Dr Chris Manning MRCGP (Chair of Action for NHS Wellbeing) shares his personal experiences with depression.

Dr Chris Manning

Dr Chris Manning

I retired as a GP in 1999, having had a severe bout of major depression in 1986 and, wishing to work in the third sector, in response to the many thousands of consultations I had with individuals, when I knew that so much of their grief and distress, before I ‘medicalised’ it (as accurately and carefully as I could), were entirely explicable given their work-home contexts and predicaments. Because of my own experience, I realised that doctors are not excepted from the immutable laws of nature and that we are “ALL people first and foremost”.

Over the last two decades, I have done my best to draw on and be honest about my personal experience of depression as a physical illness affecting my mental functions (and much else), and to highlight the considerable potential for poorly prepared and distressed doctors to follow the same paths as those they care for. Beyond the individual experiences, there are the undoubted causes and, if I am honest, I am frequently enraged by the way in which our country wastes good and caring people; I was truly appalled, for example, by what happened to decimate the health visitor profession.
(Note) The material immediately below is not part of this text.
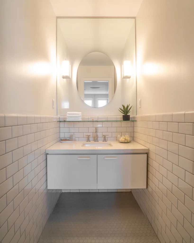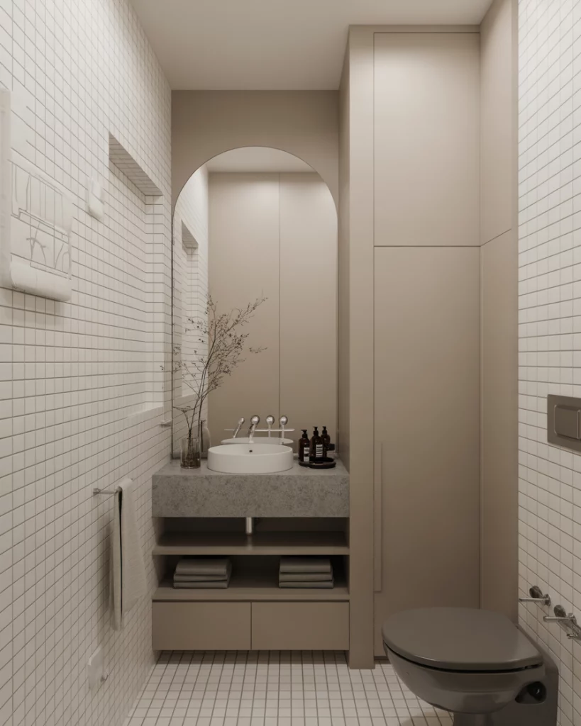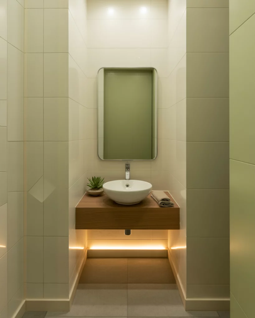 A tiny guest bathroom can still feel generous with strategic fixtures and smart decor. Floating vanities, mirrored cabinets, and pale colors open up the room without renovation. In my first apartment, this trick made our pocket-sized bath feel like a “real” room guests appreciated.

All of these issues combine to inform and drive the collaborative activities with which I am involved and that serve as the perfect antidote to personal melt-down! The most recent of these is the convening of a ‘virtual’ web-enabled (Basecamp) Action for NHS Wellbeing (AfNHSW) network of similarly concerned and active folks to enable sharing and collation of activities, resources, articles, thinking and mutual support. There are some 100 of us now and various joint ventures are in progress, including the involvement of those developing compassionate resilience resources to be placed on the iHV website; a GP burnout survey in PULSE magazine; courses for medical students, Foundation Year doctors and young GPs in mindfulness and biofeedback-related self-care. We have also held 3 face-to-face network meetings in London and have another event planned for early April 2015 that will involve a trip to Whitstable, with workshops (Frameworks4Change) and a walk to one of the network’s beach-huts for tea! We are also increasingly collaborating with The Founders Network and now have a Twitter account: @afnhsw

Here is what ‘Basecamper’ – which seems to be the term people like to use to describe their ‘membership’ of the network – consultant surgeon Eunice Minford said about her experience of the network:

“It is clear to all of us that what we currently have is not working and that change is called for, a different way is needed. We may not all agree on the exact nature of that change and what is required, but the advantage of Basecamp is that we get to hear and exchange views on many different topics and to expand our horizons beyond our own perspective….It is a growing, evolving and organic collection of people who participate to the level they want to. Emails can be turned off if anyone’s inbox feels too overloaded, giving control and autonomy to each individual. However, it is important that we do not become comfortable with our sharings and exchanges, and think that that is enough. As a group we have a stronger voice than the individual and we need to make use of that voice, to use the collective power of our expression to increase awareness, and influence both the medical and political establishments in a direction that puts people first in a way that is real and tangible and doesn’t just pay politically correct lip-service to the notion.”